Activity: Starting at the first line of the material below and stopping after the line that includes "- A great addition", write the lines out again exactly. Drop any pictures.

Exercise data:
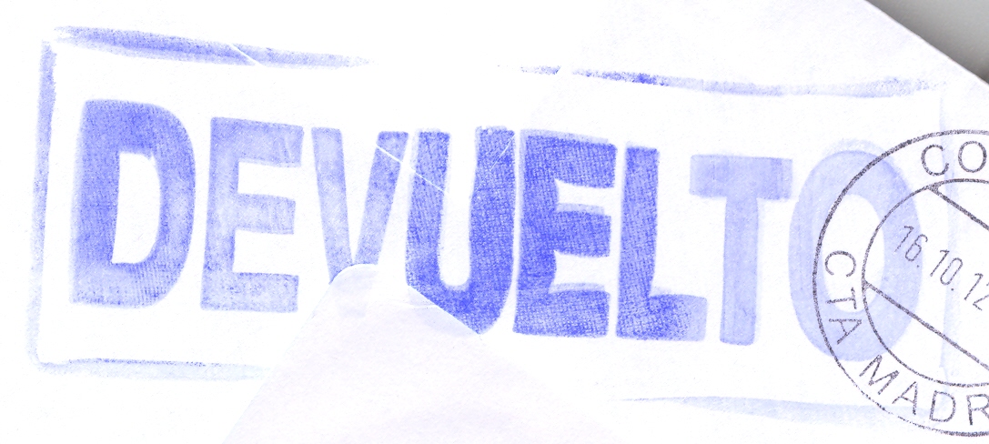 DEVUELTO (color azul) (utilizada en Avilés, Asturias, el 10/10/2012)
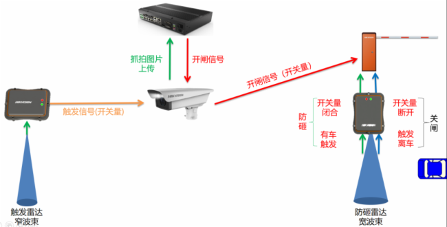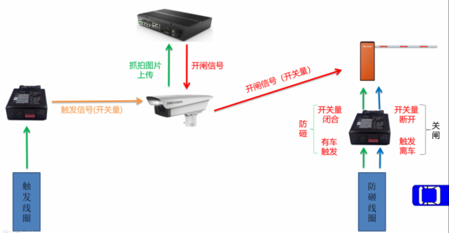 平台控制对应开闸信号由平台发送;相机控制由相机根据车辆信息管理自己判断开闸
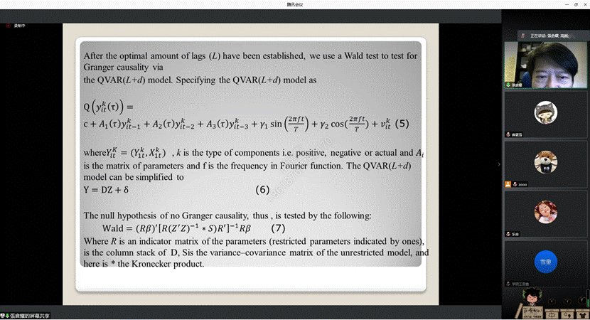 (通讯员:肖祖沔、曲诞雪)12月29日下午,由免费成人影片 、山东省金融产业优化与区域管理协同创新中心、免费成人影片 金融国际研究中心联合举办的第20期“泰山金融学术训练营”通过腾讯会议举行,中国台湾逢甲大学财务金融学系特聘教授张仓耀老师应邀做客本次学术训练营,为师生们带来了题为“Quantile-on-Quantile Regression”的讲座,学术训练营由国际金融系主任肖祖沔主持,学院部分教师和研究生参加了本次活动。
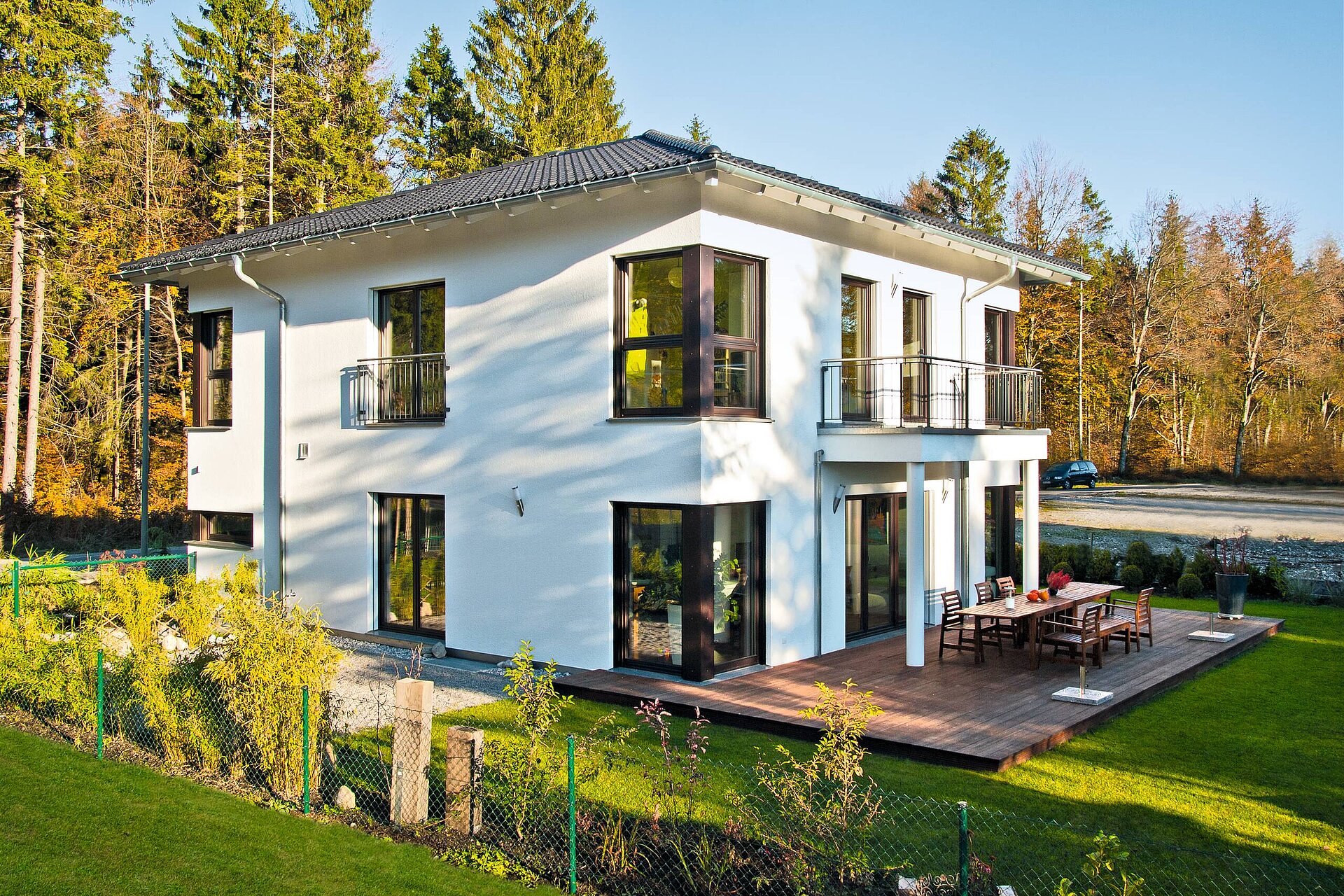 Klare Linien und Formen bestimmen die Architektur des zeitlos eleganten Stadthauses mit Walmdach. Ins Auge fallen vor allen Dingen die dunklen Fensterrahmen, die einen schönen Kontrast zu dem sonst optisch recht schlicht gehaltenen Haus bilden. Aber auch die zahlreichen Eckverglasungen sind ein echter Hingucker und ermöglichen zudem einen grandiosen Ausblick. Zwei Vollgeschosse bieten der Familie einen komfortablen Wohnraum von insgesamt 140 Quadratmetern.
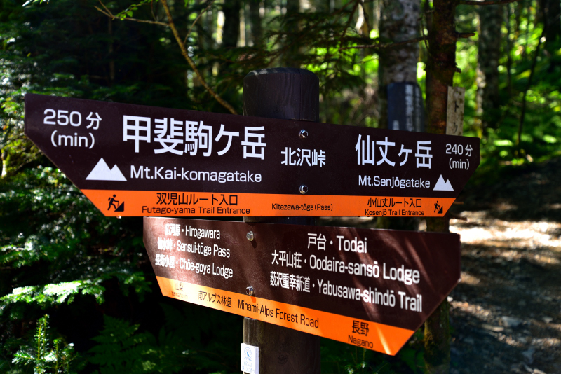 1日目 北沢峠(9:00) ~ 長衛小屋(9:10) ~ 仙水小屋(10:17) ~ 仙水峠(10:48) ~ 駒津峯(12:25) ~ 甲斐駒ヶ岳(13:56)
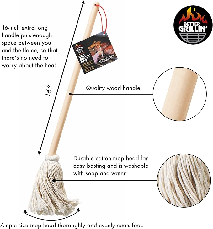 - A great addition to your grilling tools, Better Grillin BBQ Mop -head is made entirely of cotton, washes out easily with soap & water; One of several useful bbq accessories, easy basting mop
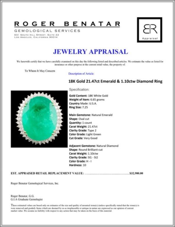 Regarding Appraised Jewelry and Loose Stones - Auctionfarm sends them out to a third party for Retail Replacement Value Appraisals, which are the most common. These types of evaluations are written for insurance needs. This would be the cost to replace the jewelry with an item of equal quality and kind, considered to be the current market price or the replacement value. This type of appraisal is done to protect you in the event of damage or loss of a valuable item. Our appraisals are conducted by independent 3rd Party appraisal firms that utilizes Certified GIA Gemologist. Appraisals should be used for verification of gemstone and/or metal weight, size, and grade only, not actual value. Appraisal value should be considered for insurance purposes only, not actual value, as price varies greatly from retail locations thru out the world. Items should not be purchased with the expectation to resell for appraisal price, or for profit.
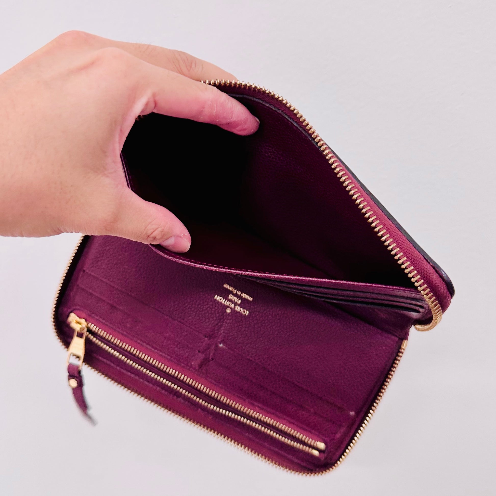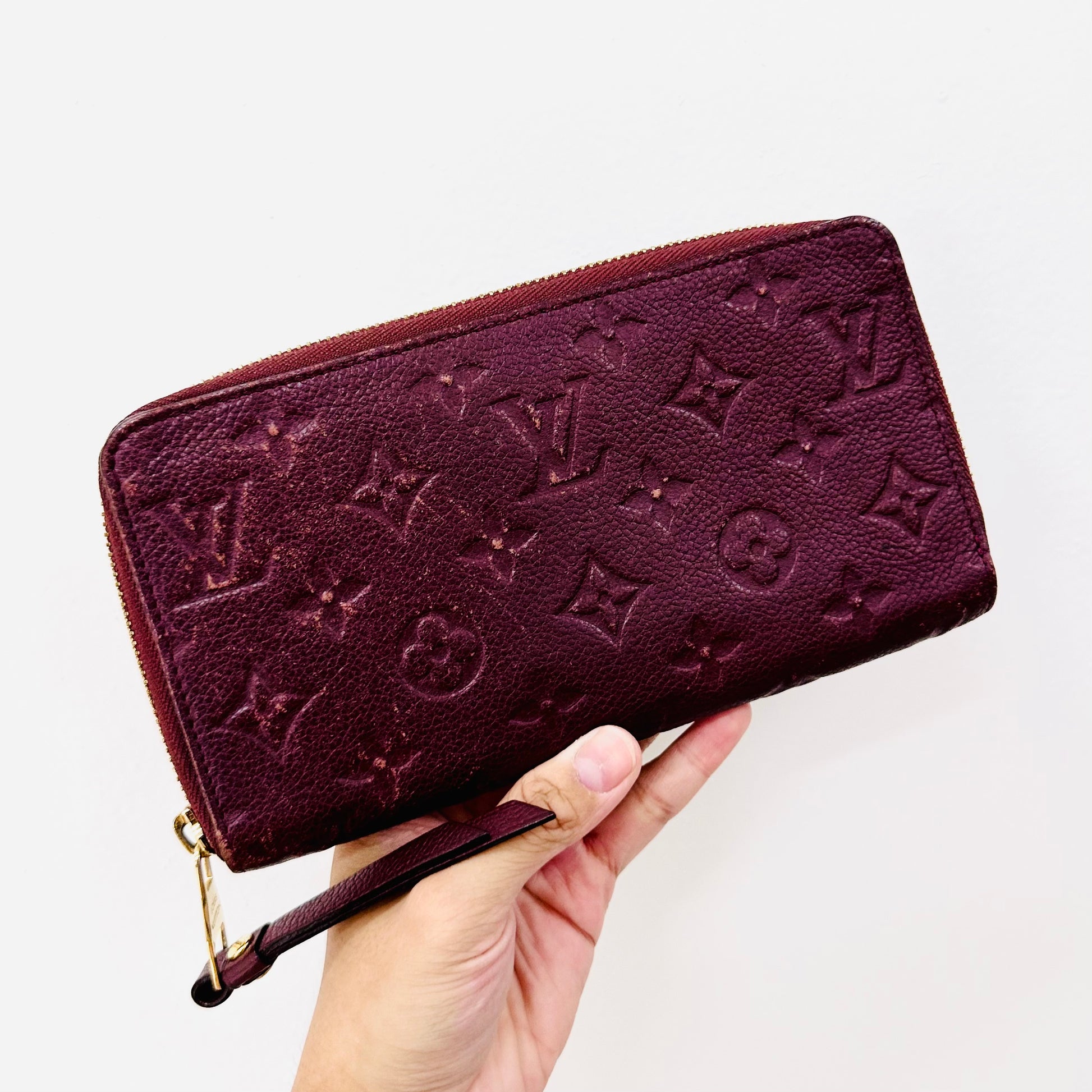 Louis Vuitton LV Burgundy Maroon GHW Monogram Empreinte Leather Classic Logo Zip Around Zippy Long Wallet
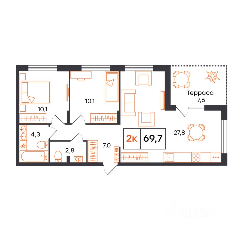 Общая площадь69,7 м²
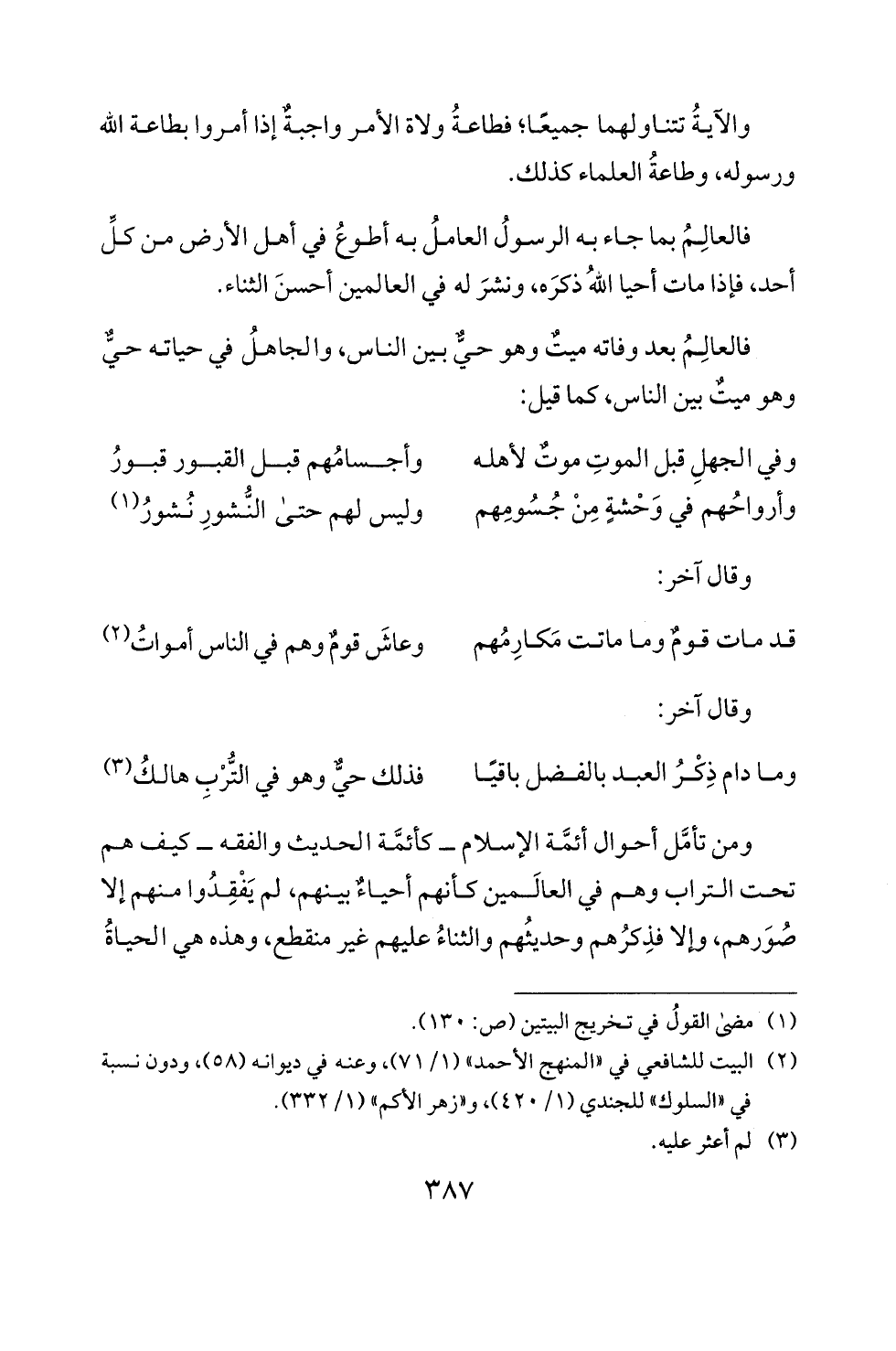 وما دام ذكر العبد بالفضل باقيا فذلك حي وهو في الترب هالك (3)
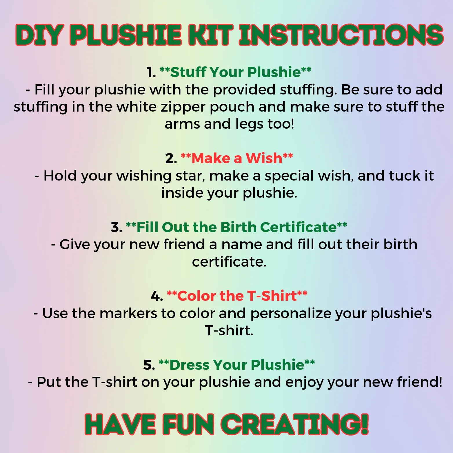 • 5, 10, or 15 plushies (based on kit size)
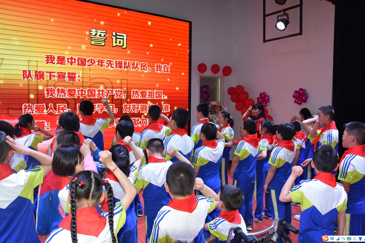 “我们是共产主义接班人,继承革命先辈的光荣传统........”伴着嘹亮的队歌,少先队入队仪式正式拉开帷幕,少先队员与旗手们迈着整齐的步伐,庄严出队旗,老队员为新队员佩戴上鲜艳的红领巾,新队员们个个激动万分,团总支书记何良燕带领新老队员宣誓,虽然有的少先队员们语言不够清晰,但一字一词都读的铿锵有力。
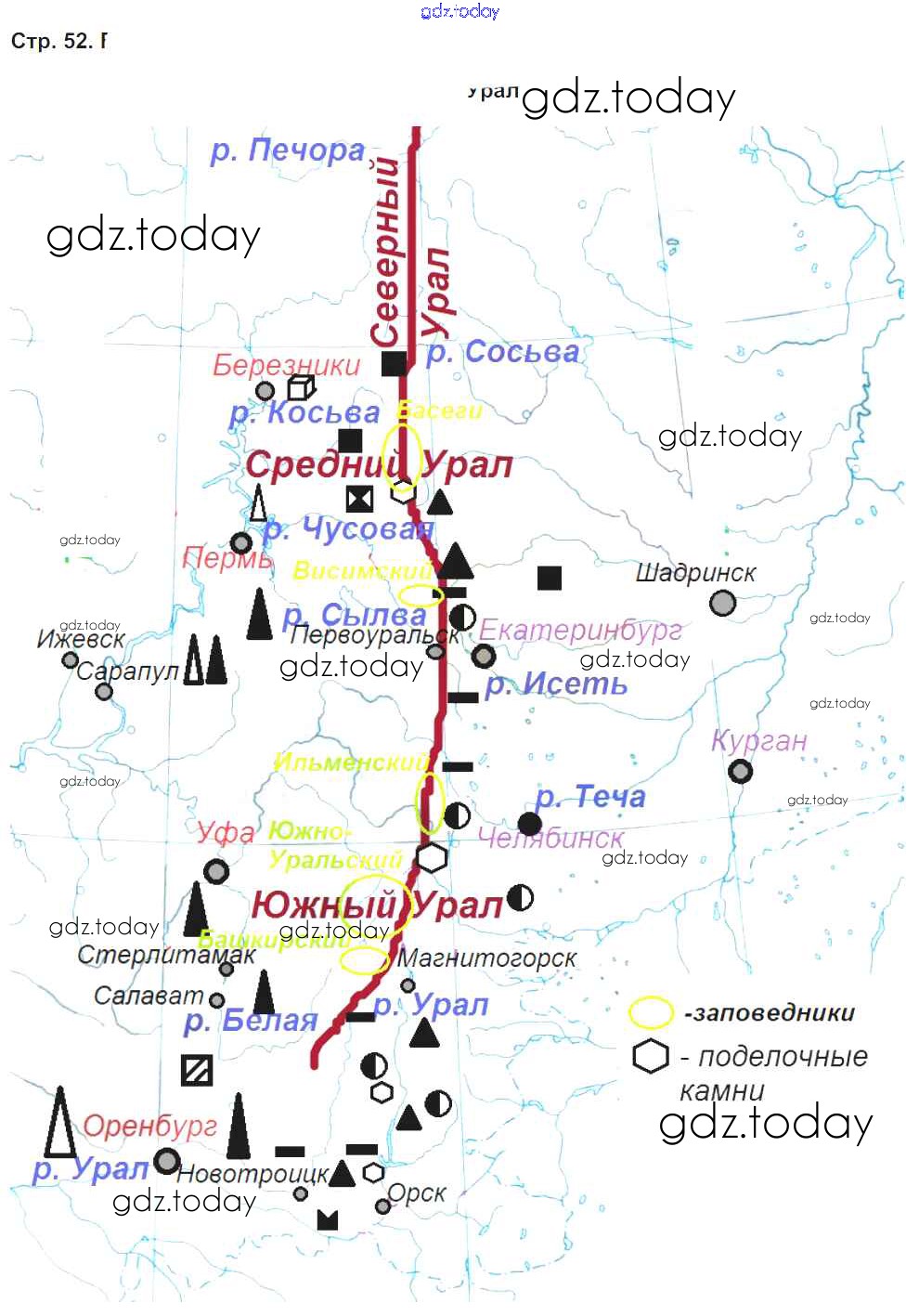 Ответы к Страницы (решение) 52 Рабочей тетради по Географии для 8 класса Сиротин Дрофа 2020
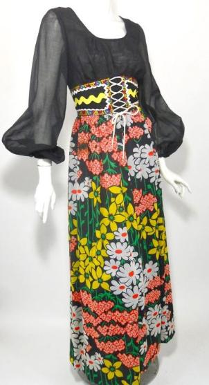 | COMING SOON.... 70s maxi dress with corset lace up waist, wide ric rac, floral print skirt and peasant inspired bodice. More details to come $165 |

Solution to the exercise:
 DEVUELTO (color azul) (utilizada en Avilés, Asturias, el 10/10/2012)
 平台控制对应开闸信号由平台发送;相机控制由相机根据车辆信息管理自己判断开闸
 (通讯员:肖祖沔、曲诞雪)12月29日下午,由免费成人影片 、山东省金融产业优化与区域管理协同创新中心、免费成人影片 金融国际研究中心联合举办的第20期“泰山金融学术训练营”通过腾讯会议举行,中国台湾逢甲大学财务金融学系特聘教授张仓耀老师应邀做客本次学术训练营,为师生们带来了题为“Quantile-on-Quantile Regression”的讲座,学术训练营由国际金融系主任肖祖沔主持,学院部分教师和研究生参加了本次活动。
 Klare Linien und Formen bestimmen die Architektur des zeitlos eleganten Stadthauses mit Walmdach. Ins Auge fallen vor allen Dingen die dunklen Fensterrahmen, die einen schönen Kontrast zu dem sonst optisch recht schlicht gehaltenen Haus bilden. Aber auch die zahlreichen Eckverglasungen sind ein echter Hingucker und ermöglichen zudem einen grandiosen Ausblick. Zwei Vollgeschosse bieten der Familie einen komfortablen Wohnraum von insgesamt 140 Quadratmetern.
 1日目 北沢峠(9:00) ~ 長衛小屋(9:10) ~ 仙水小屋(10:17) ~ 仙水峠(10:48) ~ 駒津峯(12:25) ~ 甲斐駒ヶ岳(13:56)
 - A great addition to your grilling tools, Better Grillin BBQ Mop -head is made entirely of cotton, washes out easily with soap & water; One of several useful bbq accessories, easy basting mop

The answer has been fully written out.